Becoming a Dad is probably the coolest, and definitely the most important thing I have ever done. Life was already really awesome for us, and then adding a baby made things interesting. I guess things were going either too great, or too easy, so we decided to mix it up some more. It feels like a warden should have been keeping an eye on me, but they weren't, and now I have doubled the size of my family before the his coffee break ended. I am paying it back by going through a much longer and more difficult pregnancy this time through.

It is possible that our lack of planning may have contributed to some of the hardships through pregnancy #2, including: going through the summer (again), extending pregnancy through 2 years, doing extensive remodeling on our house (again), and going through this all with a little man running wild. If we had planned better (or at all), it is possible things may have slowed down before bringing you 2 into this cagematch I am having with life, but probably not. Waiting for things to slow down would be like waiting for good customer service from the cable company.
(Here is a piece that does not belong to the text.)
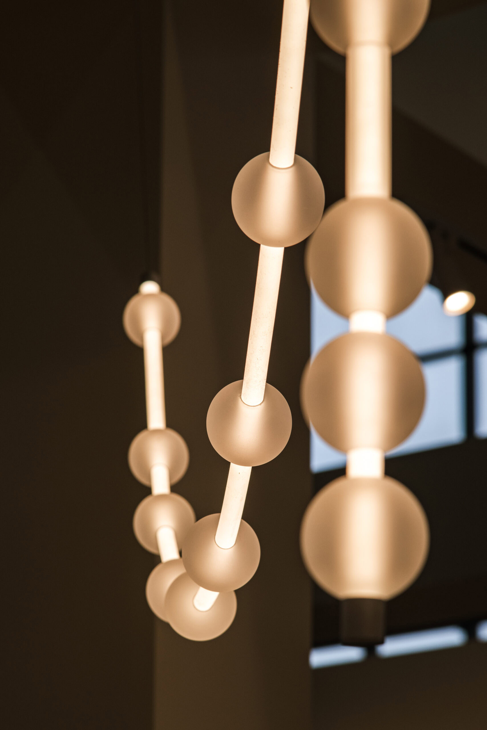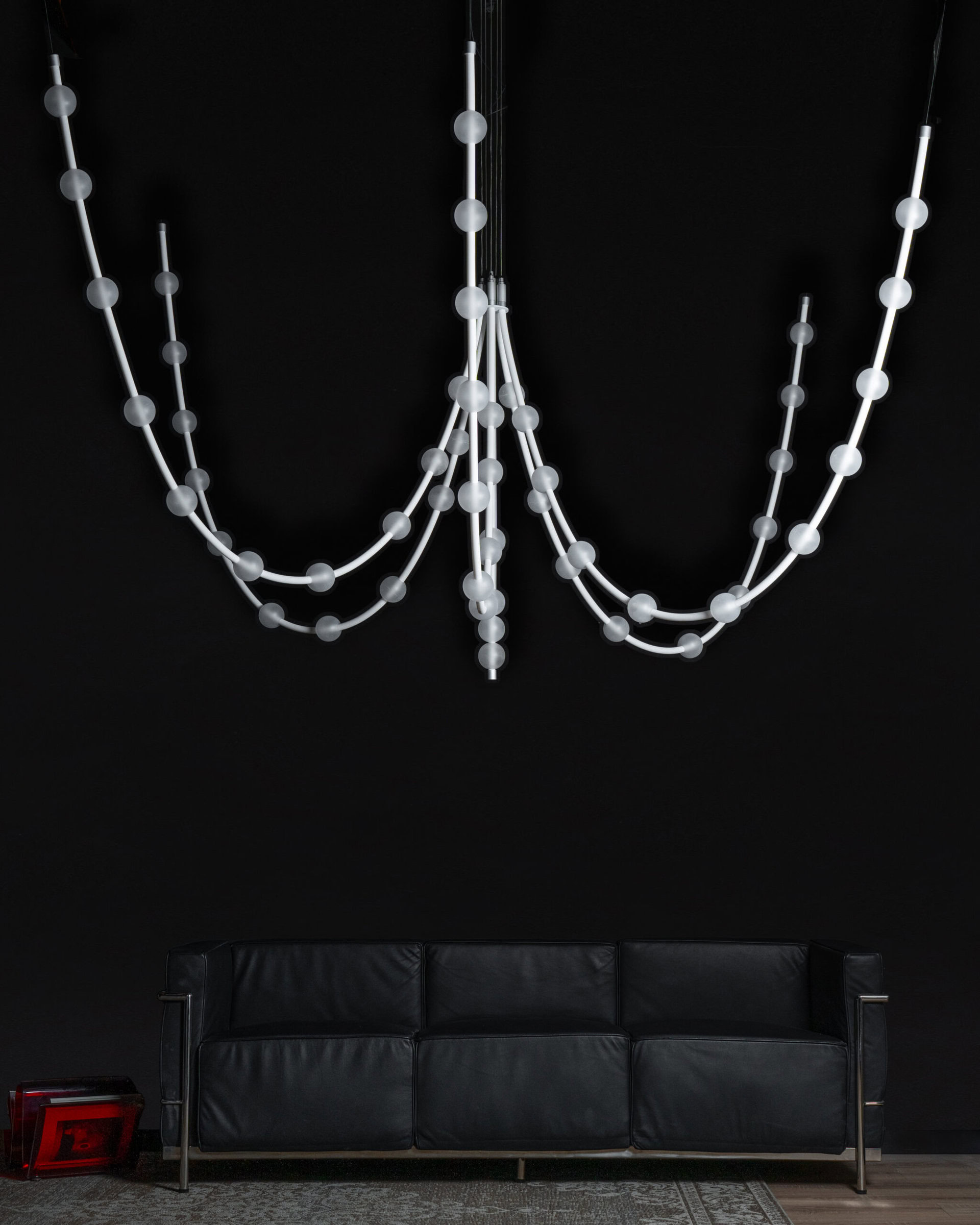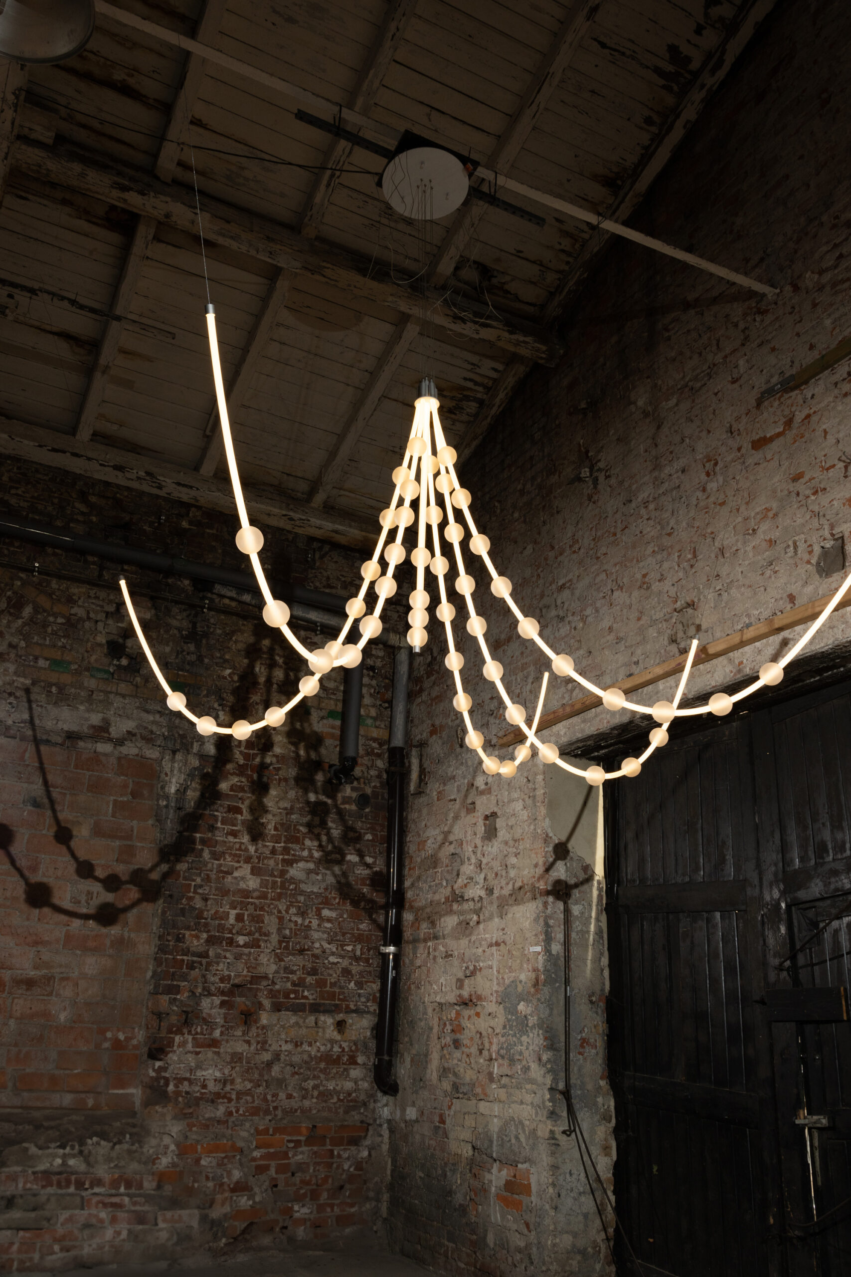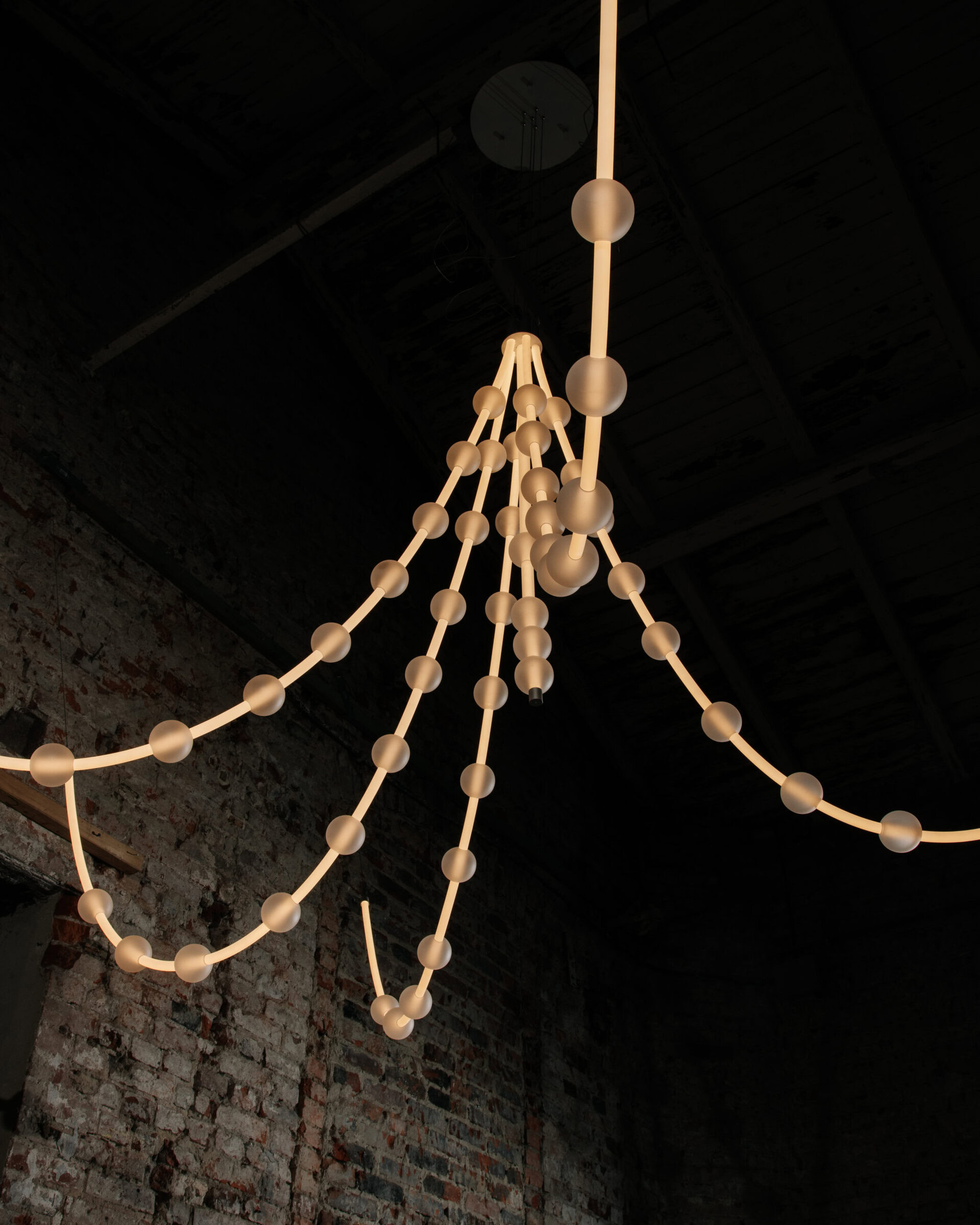 Each arm of the lamp can be freely arranged, while the glass spheres can be moved along the tubes, allowing the composition to be adapted to the interior. Perfect for tall spaces – whether residential or commercial – Mariska creates a breathtaking focal point.

I am beginning to accept that I will probably never be one of those totally-together adults who makes life look like a nice schedule that I am executing just as I planned it. I suppose I knew this all along, so I always knew what I was thinking when we decided to bring two Tasmanian Devils into this madness. Since it is going to be so crazy anyway, may as well get to it. (Besides, the sooner we have kids, the sooner they would be moving out)

Baby girl- so please follow my lead, and come on out already. Marshall-just keep doing what you are doing. To you both-things will probably never go as I have planned, so hold on tight, and let's just enjoy going through this together, and not worry about trying to explain it, because I can't anyway.